Design of PV Cells and LEDs Robust to Grid Shadowing Losses in Emission.

Abstract

In photovoltaics, it is generally assumed that the emission and absorption efficiency is linearly affected by the grid coverage fraction. Typically, the top grid is therefore optimized to allow maximal light exposure with minimal electrical resistance, while the optical properties of the grid are not treated to the same extent. In this work, we provide a numerical study that shows that as a result of the optical properties of the grid, the light extraction efficiency and resulting emission changes nonlinearly with grid coverage, contrary to the standard approximation.
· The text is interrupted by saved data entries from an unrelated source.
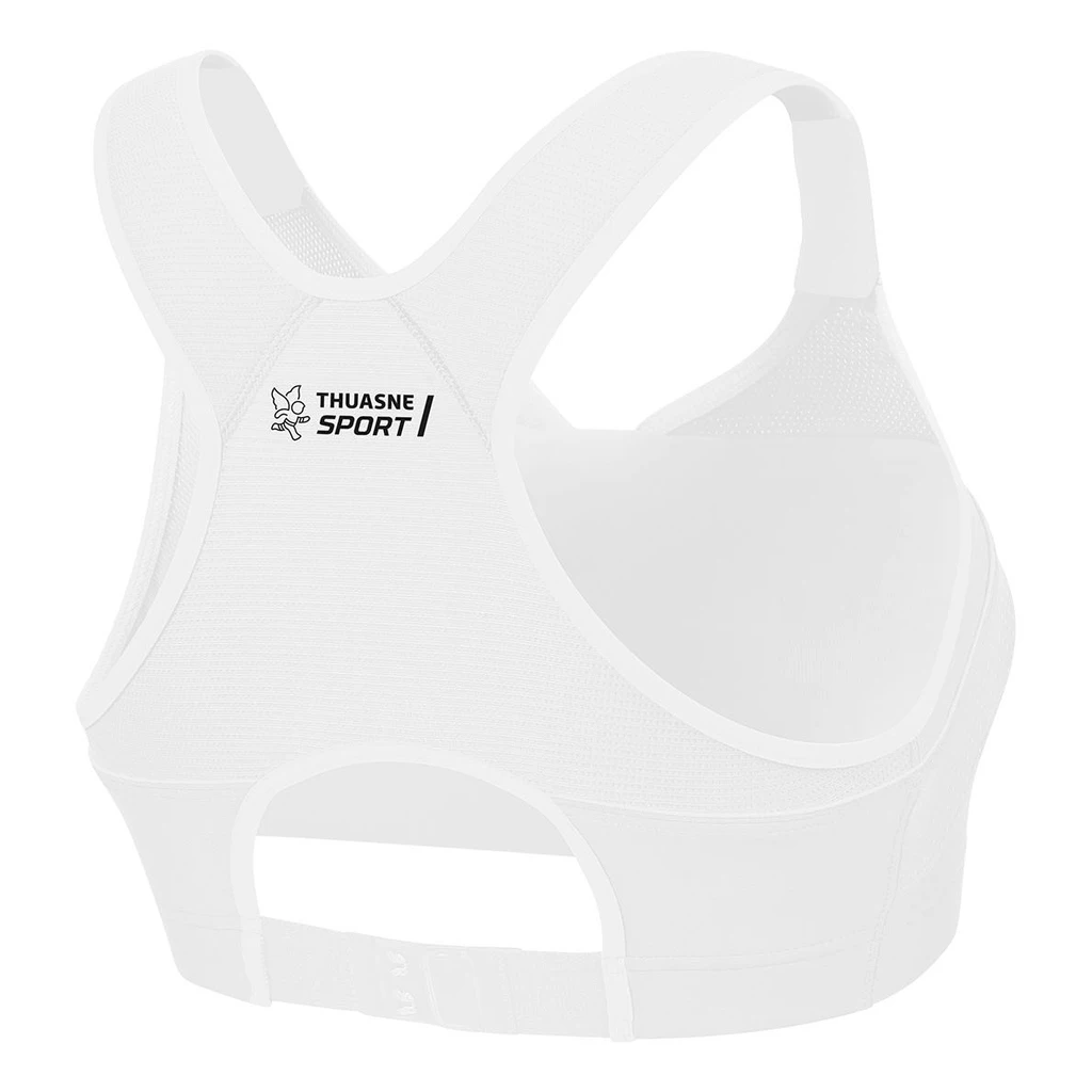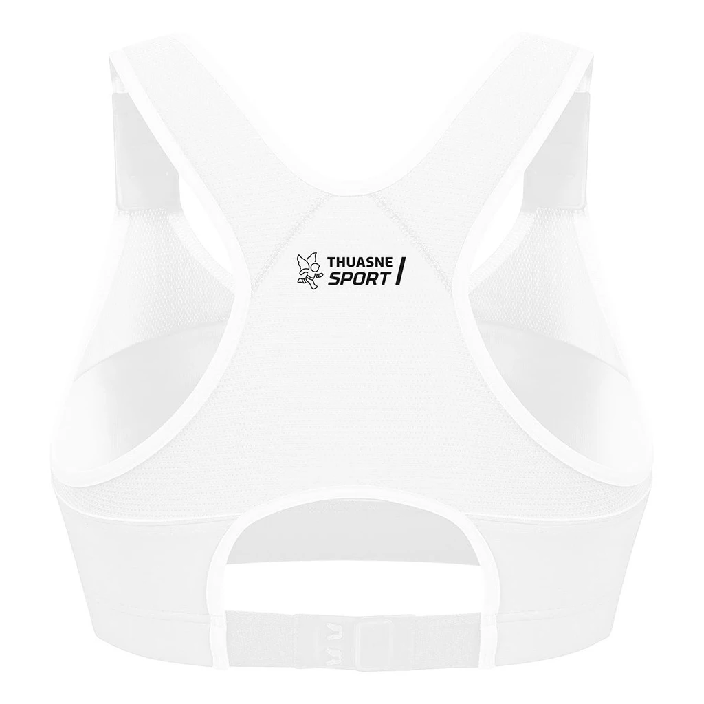 Cette brassière fait partie de la gamme maintien extrême de Thuasne. Ceci repose sur l’alliance de tissus élastiques hautement performants et d’une maille bloquée qui s’adaptent à la morphologie, mais aussi sur la bande élastique large sous la poitrine.
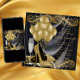 Der Deko der Woman-Dame in Schwarz und Gold lädt zu einer glamourösen Geburtstagsfeier ein, bei der Sie wunderschöne goldene Glitzer-High-Heel-Schuhe, Goldballons, Champagner und Perlen auf einem glamourösen und luxuriösen schwarzen Satin-Hintergrund genießen können. Diese elegante Schwarz-Gold-Geburtstagsfeier lässt sich leicht an Ihre Veranstaltung anpassen, indem Sie einfach Ihre Details in den Schriftart-Stil und Farbe, Wortlaut und Layout Ihrer Wahl einfügen. Sie können auch die Wirbel, Champagner und Ballons verschieben oder löschen. Das ist ein gedrucktes Design ohne echte Juwelen, Perlen, Glitzer, etc.
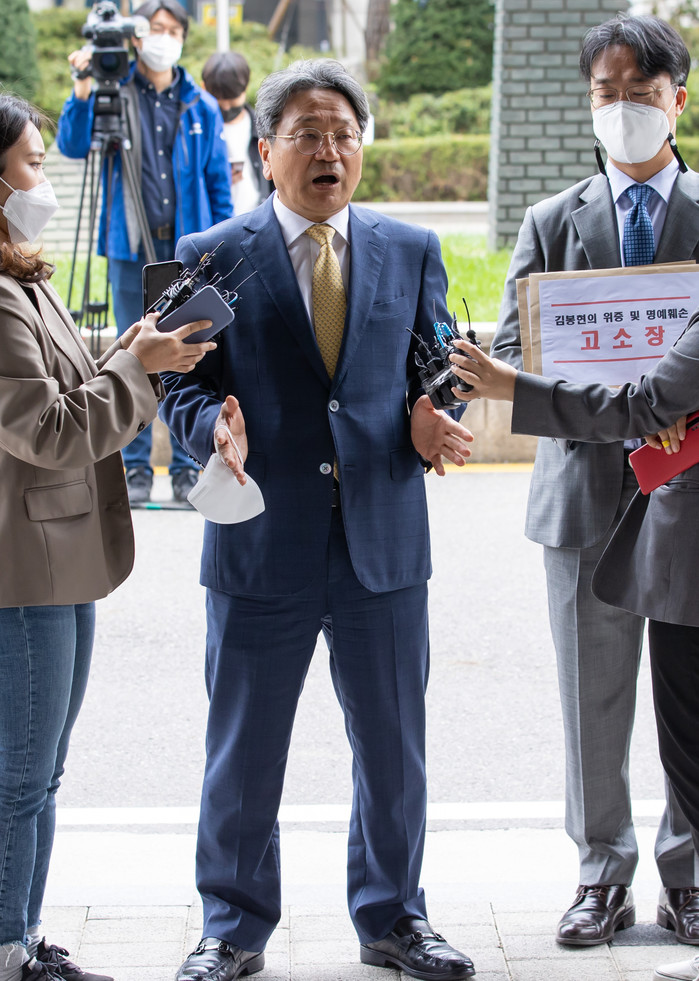 강기정 전 청와대 정무수석이 12일 오전 라임자산운용 사태의 주범으로 꼽히는 김봉현 전 스타모빌리티 회장을 위증과 명예훼손으로 고소하기 위해 양천구 서울남부지검에 도착, 취재진 질문에 답하고 있다.
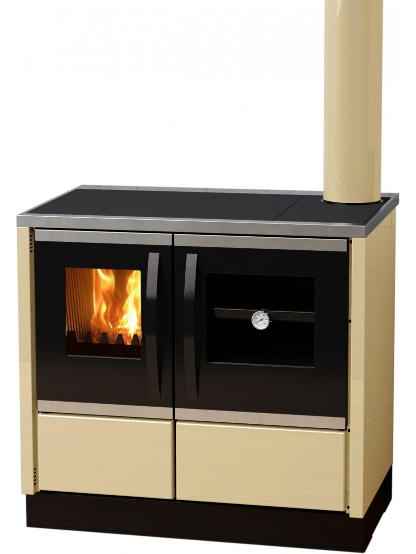 Емальоване покриття надає кухні блиск і обороняє її від корозії. Кухонна піч ROCKY доступна в бордовому, бежевому і сірому кольорах, а також має чорні елементи. Піч підключається до димаря за допомогою патрубка. Вона також включає одно камфорну варильну поверхню для приготування Ваших улюблених страв. Двері багнисті і духовки досить герметичні, виготовляються з чавуну. Завдяки чавунній дверці з регулюванням подання повітря, необхідного для горіння, економиться витрата палива. В комплект з піччю йде емальоване деко і висувний ящик для золи.
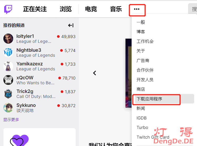 在Twitch官网就有提供App安装包的下载地址。我们进入Twitch官网,在官网首页左上角依次点击【…】-【下载应用程序】,即可进入Twitch下载页面。如下图所示:
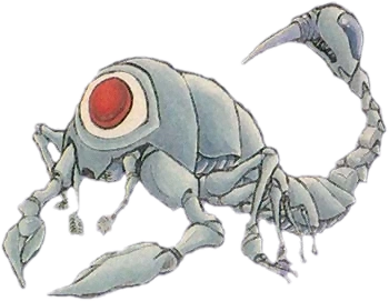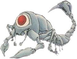 Arurodas are a species of arachnids, very likely related in some way to the more ancient Arachas once found in Lanayru Desert, which they may in fact have evolved from over the centuries given the large gap between both species' existence, similar physiological build, and lack of known overlapping existence. However, unlike Aracha and their four legs, Aruroda have a full complement of eight legs, though unlike most scorpions they lack chelae of any kind; instead they rely upon a stinger that can emit fireballs to hit victims and threats alike from a distance. Aruroda exoskeletons are very tough and cannot be pierced by any known normal means. Wary adventurers can still take them down by waiting for them to open their eyes in order to see, which is its weak point. They are also vulnerable to the Thunder spell to those of magical inclination though they are immune to the Fire spell due to their utilization of the same element for their own magical attacks. It should be noted that a Magical Shield cannot stop these fireballs and a Reflect spell must be used instead.

If the grid is optically lossy while light is mostly trapped in the diode, the loss in emission is more than linear and therefore larger than expected based on the standard grid shadowing assumption. However, with an optically reflective grid and a good light extraction scheme, the structure obtains a robustness against losses from grid, leading to a meaningful increase in the light extraction efficiency. This is shown using a simple 300 nm GaAs light-emitting diode (LED) structure the emissive properties of which generalize to a thin-film PV cell. Specifically, it is found that depending on the design of the grid and backside mirror, at 10% grid coverage the light extraction efficiency need only be reduced less than 4% absolute. Conversely, in particularly detrimental cases, at 10% grid coverage the light extraction efficiency is reduced by over 35% absolute.